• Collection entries
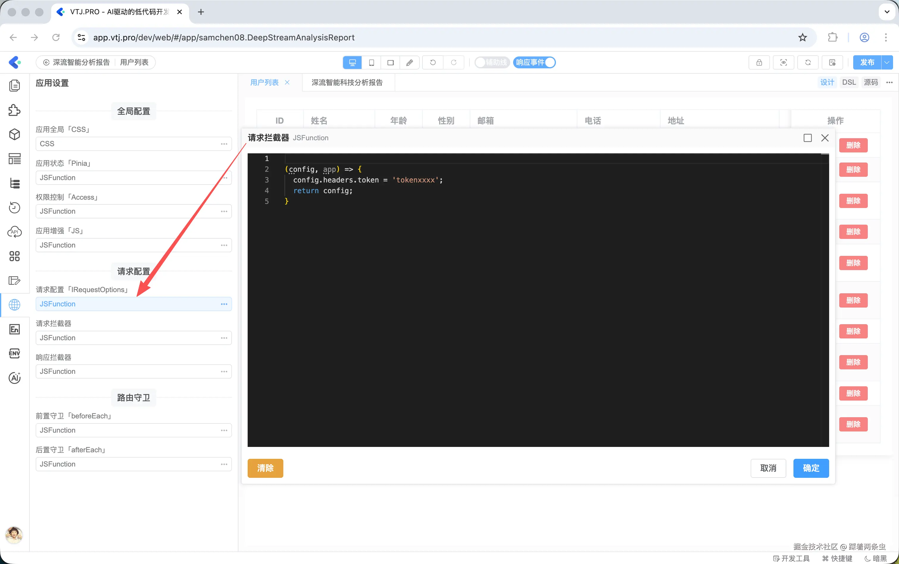 在实际项目中,API 请求往往需要一些统一的公共配置,例如设置统一的接口地址前缀、为所有请求自动携带认证 Token、统一处理接口报错等。VTJ.PRO 提供了完善的请求全局配置能力,让这些需求可以通过简单配置或少量代码一次性解决。
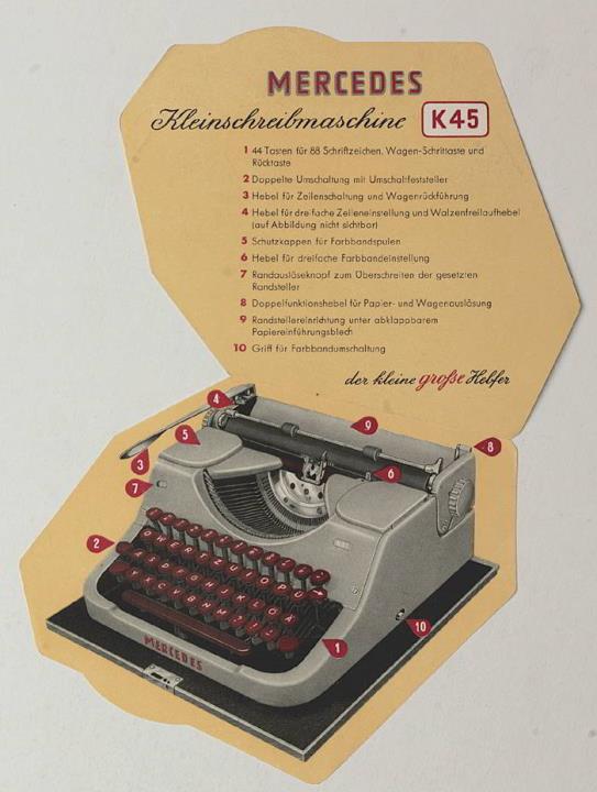 Faltprospekt in Form eines Schreibmaschinenkoffers für Schreibmaschine Mercedes K 45 Nr. 2136 III/29
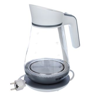 - LEBEN Чайник электрический 1,5л, 1850Вт, скрытый нагр.элемент, автооткл.,стекло-кувшин,LED подсветка белый с серым по выгодной цене 2 613 р. руб.;
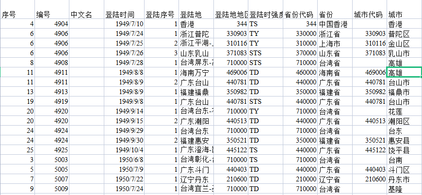 序号 编号 中文名 登陆时间 登陆序号 登陆地 登陆地地区代码 登陆时强度等级 省份代码 省份 城市代码 城市
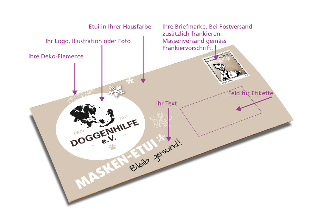 Oder bevorzugen Sie eine eigene Illustration? Möchten Sie ein Masken-Etui mit Ihrem Logo und eigenen Fotos?

• TASK DIRECTIONS
Omit the pictures and retype exactly the lines from the one containing "- LEBEN Чайник" through the end of the entries above.

• SOLUTION TO THE PROBLEM
 - LEBEN Чайник электрический 1,5л, 1850Вт, скрытый нагр.элемент, автооткл.,стекло-кувшин,LED подсветка белый с серым по выгодной цене 2 613 р. руб.;
 序号 编号 中文名 登陆时间 登陆序号 登陆地 登陆地地区代码 登陆时强度等级 省份代码 省份 城市代码 城市
 Oder bevorzugen Sie eine eigene Illustration? Möchten Sie ein Masken-Etui mit Ihrem Logo und eigenen Fotos?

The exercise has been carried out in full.